GenIR: Generative Visual Feedback for Mental Image Retrieval¶

Conference: NeurIPS 2025 arXiv: 2506.06220 Code: mikelmh025/generative_ir Area: Image Retrieval / Image Generation Keywords: Interactive Retrieval, Visual Feedback, Diffusion Models, Mental Image Retrieval, Multi-round Query Refinement

TL;DR¶

This paper proposes GenIR, a multi-round interactive image retrieval framework that leverages text-to-image diffusion models to generate "synthetic visual feedback," explicitly visualizing the system's interpretation of the user's query.
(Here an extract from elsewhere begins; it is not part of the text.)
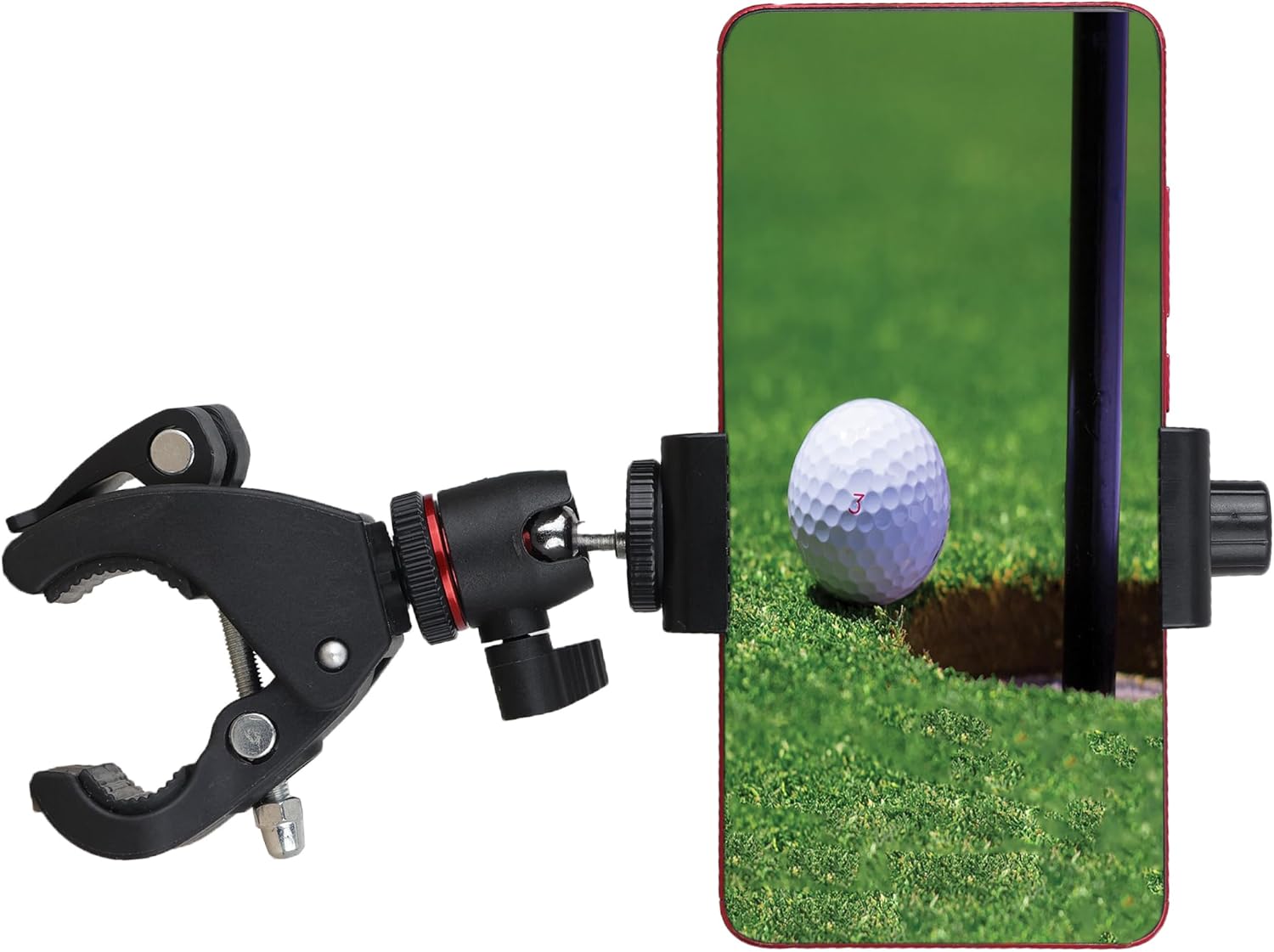 - This phone mount is perfect for golf cart, Bike, Stroller, Mic stand, Shopping Cart, etc. It can clamp on anywhere, just enjoy the convenience of this phone holder.

This enables users to intuitively identify discrepancies and iteratively refine their queries, achieving substantial improvements over text-only feedback methods on the Mental Image Retrieval (MIR) task.

Background & Motivation¶

While vision-language models (VLMs) perform impressively on standard text-to-image retrieval benchmarks, a significant gap remains in real-world applications. Authentic human search behavior exhibits two key characteristics:

Non-one-shot: Search is an iterative, multi-round process in which users continuously revise queries based on intermediate results.

Mental-image-driven: Users are typically re-finding images they have previously seen, relying on memory representations that range from vague to clear—so-called "mental images."

Existing interactive retrieval methods (ChatIR, PlugIR) share a fundamental limitation: feedback is confined to text. This indirect, abstract linguistic feedback underperforms in the following respects:

Ambiguity: Textual descriptions struggle to convey precise visual details. For example, asking "Is he wearing a hat?" and receiving "No"—when the subject is actually wearing a helmet—introduces semantic drift that misleads subsequent queries.
Unpredictability: In vision-language embedding spaces such as CLIP, minor textual modifications can produce drastically different retrieval results.
Opacity: The system's internal interpretation of the query—its "visual belief"—is entirely invisible to the user, reducing query refinement to a blind trial-and-error process.

Core Problem¶

This paper formally defines the Mental Image Retrieval (MIR) task: the user holds a target image in mind (a mental image) and collaborates with an image search engine through multi-round interaction to locate it. MIR is a subtask of interactive text-to-image retrieval, focusing on Known-Item Search (where the user has previously seen the target) rather than exploratory search.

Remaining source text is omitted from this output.